Stored records
※ ※ ※
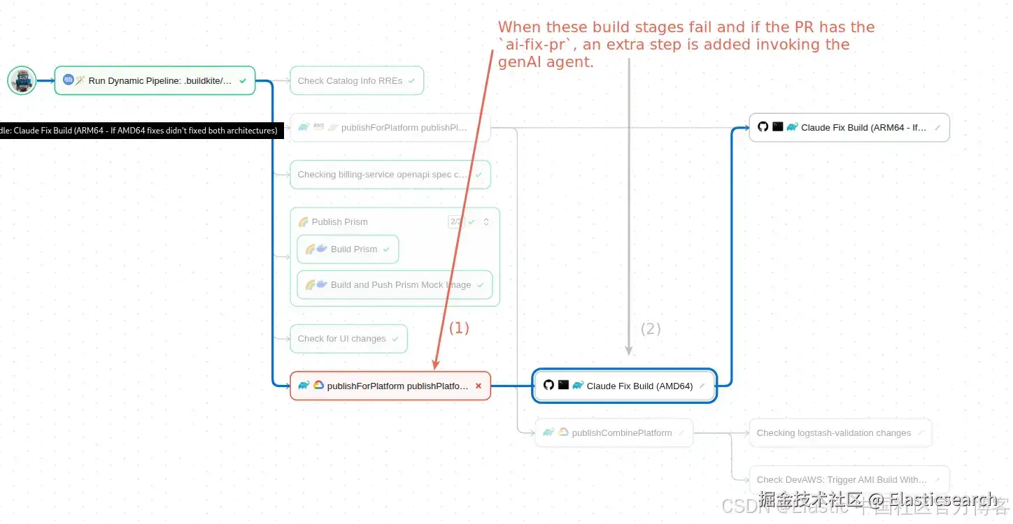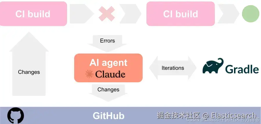 能够将具体的错误信息和失败的构建任务输入给 AI agent,包括那些依赖内部 Elastic Cloud 服务的任务。
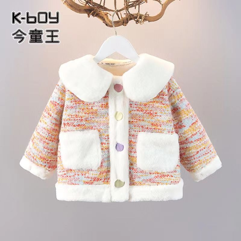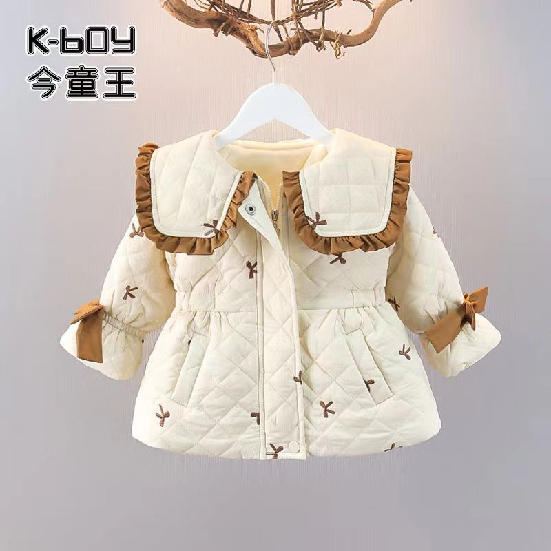 今童王女童加绒外套秋冬季2023新款女宝宝夹棉服洋气儿童加厚棉服
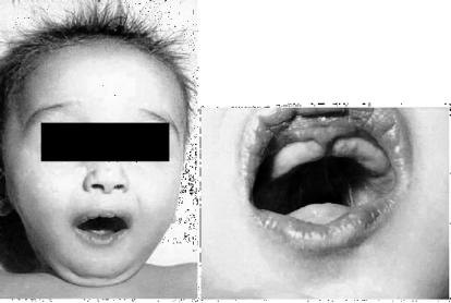 Сочетается врожденный гипотиреоз и с генетическими заболеваниями. Одним из наиболее частых и известных является синдром Pendred’а. Вструктуру синдрома входят нейросенсорная глухота, гипотиреоз и зоб. Ген находится на 7q22-q31 и кодирует белок пендрин, являющийся трансмембранным транспортером хлорида и йодида, экспрессированным в клетках щитовидной железы и внутреннего уха [107]. Мутации в тиреоидном факторе транскрипции 2 (TTF-2) являются причиной Bamforth-Lazarus синдрома, включающего дисгенезию ЩЖ, атрезию хоан, «волчью пасть» (рис. 6).
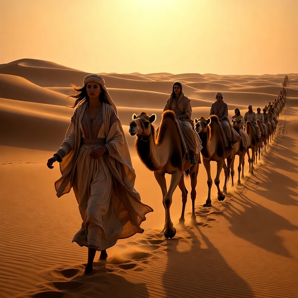 Group of people walks in a line with camels across the sandy desert during sunset, casting long shadows on the ground.
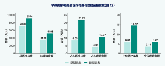 从治疗费用来看,商业健康险为肺癌患者报销比例达49.4%,起到了社保的补充作用。晚期患者人均总花费是早期患者的2.6倍,商业健康险通过推动对疾病早发现、早治疗,能够有效减少患者医疗费用。
※ ※ ※
Task statement:
Could you write the entries out again exactly, without their pictures?

Solution:
 能够将具体的错误信息和失败的构建任务输入给 AI agent,包括那些依赖内部 Elastic Cloud 服务的任务。
 今童王女童加绒外套秋冬季2023新款女宝宝夹棉服洋气儿童加厚棉服
 Сочетается врожденный гипотиреоз и с генетическими заболеваниями. Одним из наиболее частых и известных является синдром Pendred’а. Вструктуру синдрома входят нейросенсорная глухота, гипотиреоз и зоб. Ген находится на 7q22-q31 и кодирует белок пендрин, являющийся трансмембранным транспортером хлорида и йодида, экспрессированным в клетках щитовидной железы и внутреннего уха [107]. Мутации в тиреоидном факторе транскрипции 2 (TTF-2) являются причиной Bamforth-Lazarus синдрома, включающего дисгенезию ЩЖ, атрезию хоан, «волчью пасть» (рис. 6).
 Group of people walks in a line with camels across the sandy desert during sunset, casting long shadows on the ground.
 从治疗费用来看,商业健康险为肺癌患者报销比例达49.4%,起到了社保的补充作用。晚期患者人均总花费是早期患者的2.6倍,商业健康险通过推动对疾病早发现、早治疗,能够有效减少患者医疗费用。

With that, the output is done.